Kernekoncepter
The proposed SIDM framework leverages structural information principles to achieve hierarchical state and action abstraction, enabling efficient decision-making in complex environments through skill-based learning and role-based collaboration.
Resumé
The paper presents a novel decision-making framework called SIDM that is grounded in structural information principles. The key highlights are:
-
Graph Construction:
- Constructs homogeneous, weighted, undirected graphs for states and actions by measuring feature similarities.
- Applies edge filtration to eliminate trivial weights and simplify the graphs.
-
Hierarchical Abstraction:
- Initializes an encoding tree for each graph and minimizes its structural entropy to obtain community partitioning.
- Designs an aggregation function using assigned entropy as vertex weights to achieve hierarchical abstractions of states and actions.
-
Skill Identification:
- Extracts abstract elements from historical trajectories to construct a directed, weighted, homogeneous transition graph.
- Defines and optimizes high-dimensional structural entropy for the directed graph to generate an optimal encoding tree.
- Calculates the common path entropy to quantify the occurrence probability of each abstract transition, enabling an adaptive skill-based learning mechanism.
-
Abstract MDP and Learning:
- Formulates an abstract MDP by mapping original states to abstract states using the hierarchical abstraction.

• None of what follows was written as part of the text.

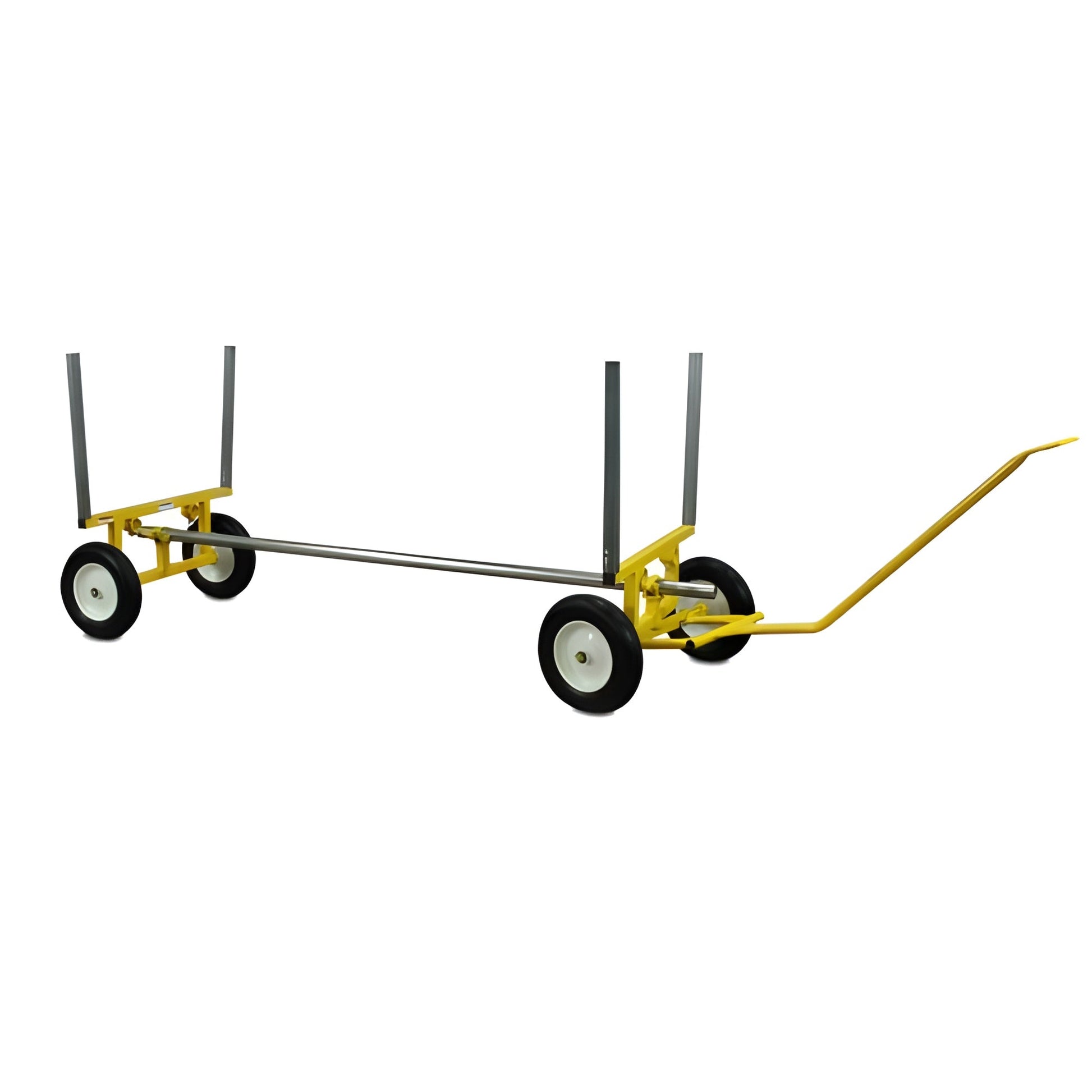 Customize the length of the cart to suit your needs. Comes with an 8’ pole and is adjustable up to 7 1/2 feet long. Or customize the cart to fit your needs by inserting the length of pole of your choice.Use in a construction setting to transport tube scaffolding, braces, pipe, and other long awkward items.

- Introduces a two-layer skill-based learning mechanism that operates independently of expert knowledge.
- Extends the framework to multi-agent scenarios, utilizing the hierarchical action abstraction to enable automatic role-based learning.
The proposed SIDM framework is evaluated on a wide range of benchmarks, including visual gridworld navigation, continuous control tasks, robotic control, and StarCraft II micromanagement. The results demonstrate that SIDM significantly improves the quality, stability, and sample efficiency of policies compared to state-of-the-art RL algorithms.